One of our book club books, for the ‘clinical decision support’ team for the electronic health record at our institution. We have now read it in our Large PIG book club meeting (the Physician Informatics Group: we try hard not to take ourselves too seriously). Some of us were depressed after reading. The initial optimism of the ‘glass cockpit’, the fancy new computerized design of the complex Airbus aircraft, are instead proving to be a ‘glass cage’, which isolates us and anesthetizes us from the real world. The author provides riveting examples of glass cages: the Inuit who lose their cultural skills of navigating brutally inhospitable landscapes because of GPS and snowmobiles, also, the pilots who make error because of automation, leading to automation bias and automation complacency: thinking the computer must be right, and the computer will know, so I don’t have to. Further, our attention wanders as we cede responsibility for moment to moment control of the task. How do we fight such a trend and temptation, as designers?
Yet the author speaks about ‘adaptive automation’ where a computer could detect the cognitive load or stress in a human partner, and share the cognitive work appropriately. He speaks of Charles Lindbergh, describing his plane as an extension of himself, as a ‘we.’ Can we aspire to improving the design of our current electronic systems to such a partnership that avoids the anesthetic effect and instead becomes more than the sum of the partners? Chess is now played best by human-computer partners; could health care and other industries be the same? And what could that look like? The Glass Cage gives us an evidence-based view into that future (and hopeful) world.
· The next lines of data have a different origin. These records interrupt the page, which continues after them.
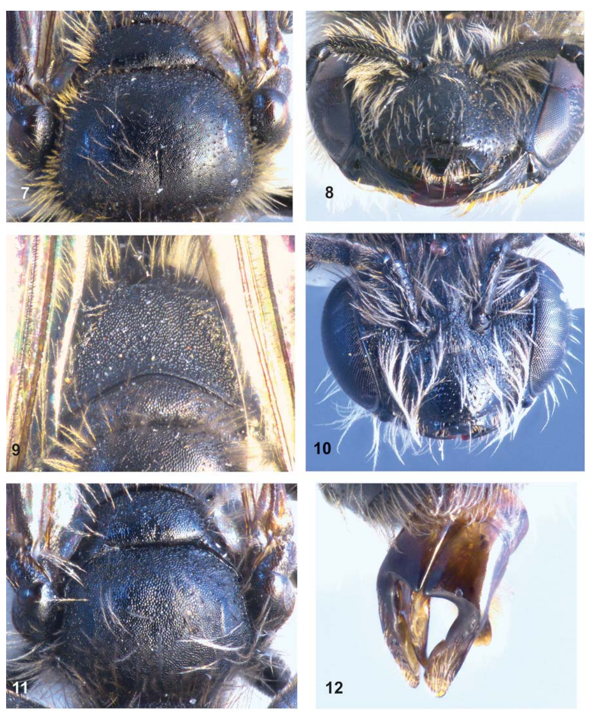
Fig. 7-12 : Andrena dourada nov.sp. (7) mesonotum, female; (8) labrum, female; (9); propodeum, female; (10) portrait of head, male; (11) mesonotum, scutellum, male; (12) male genital capsule.
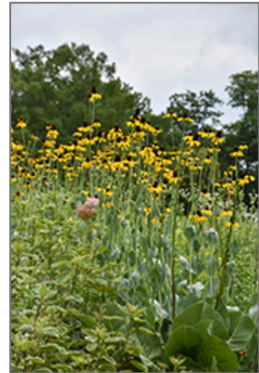
Giant Coneflower in bloom

Giant Coneflower is recommended for the following landscape applications;
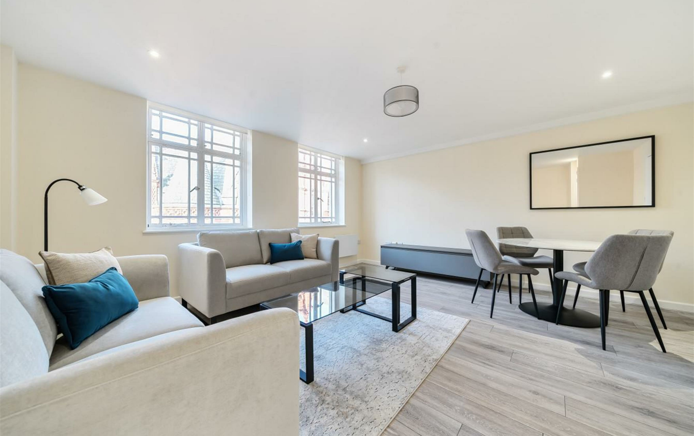
Flat 13 Chatfield House, Marsh Street Bristol, BS1 1RT £1,800 Per Month
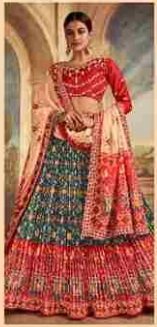
*** 2101 ***
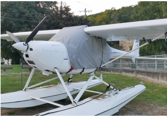
Remos G3 Extended Canopy Cover (Over-Top-Type Style)

This cover type is made from Silver Acrylic Sunbrella canvas and is 100% lined with a soft and smooth microfiber. Bruce's Custom Covers developed this material combination especially for aircraft protection. The outer material is medium weight and treated for water resistance, UV resistance and anti-static buildup. The inner lining is a very soft and smooth microfiber to prevent scratching. The material is very reflective, and tests show that the cabin interior temperature can be reduced to near-ambient temperature on the hottest of days. It is water, ice and snow repellent, yet breathable to allow moisture to escape from between the cover and the aircraft surface.
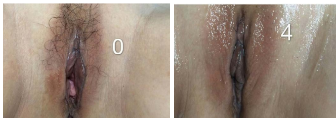
Figure 8. Baseline situation (left, marked with “0”): moderate to severe 2-year vulvar atrophy; at right (marked with “4”), evolution of atrophy 2 weeks after the fourth DQRF session. Woman’s age: 34; operational power: 8-13%
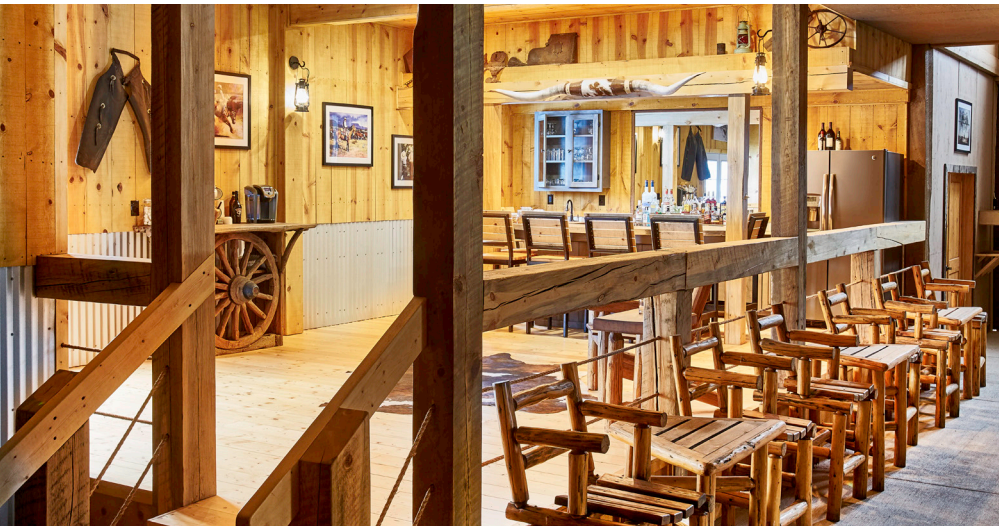
HORSE BARN: This central feature of the ranch includes a custom owner's tack room, a bar area for socializing, and corrals for organized riding activities.
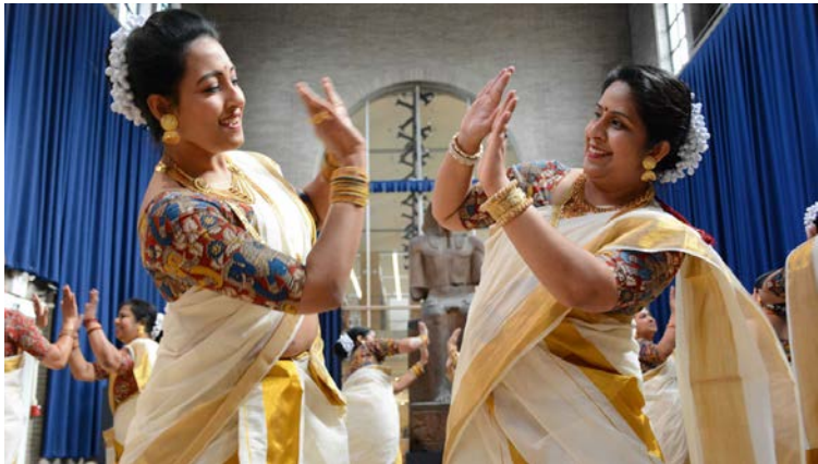
CultureFest!: Celebrations Around the World at Penn Museum on December 7 will include live musical performances, dance and storytelling. See Special Events.

Morris Arboretum: hours, prices: morrisarboretum.org
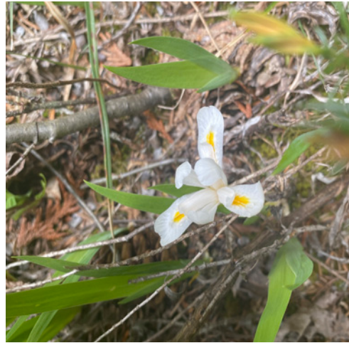
Iris lacustris, forma alba
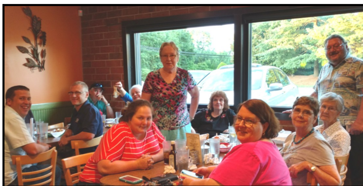
- Sardis Night at the Americana - The entire crowd could not fit in the picture!
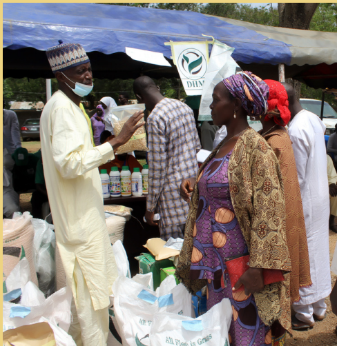
Community Based Seed Producers in Biu Fair

4 tons of Improved Certified Seeds of Groundnut, Maize, Rice, and Soyabean
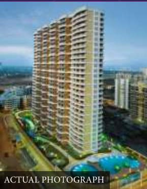
SAI CRYSTALS KHARGHAR

UPDATE: We had a great discussion during our recent book club. As an indicator, several of my colleagues told me: “I don’t like this book.” Perfect! It made for a juicy, spirited conversation about the benefits and risks of automation and how the stories in the book did or did not apply to healthcare and what we were building. Maybe we can consider “adaptive automation” so that the computer scales up and down its assistance as the clinician comes under crisis so that the human can focus on problem solving and the computer can increasingly assist with routine tasks. And then, we need to take care that “automation complacency” does not increase. We already have heard of clinicians saying “Well, EHR did not pop up an alert for a drug interaction, so that means it must be safe to prescribe this new med for this patient.” Whoa, are we giving away the primacy of our own training and experience to an algorithm already?
CMIO’s take: keep reading, keep learning. It is only through extensive experience from reading and books that we can learn from others in healthcare, and from others in other industries divergent from our own. There are more smart people who DON’T work for you, than who do.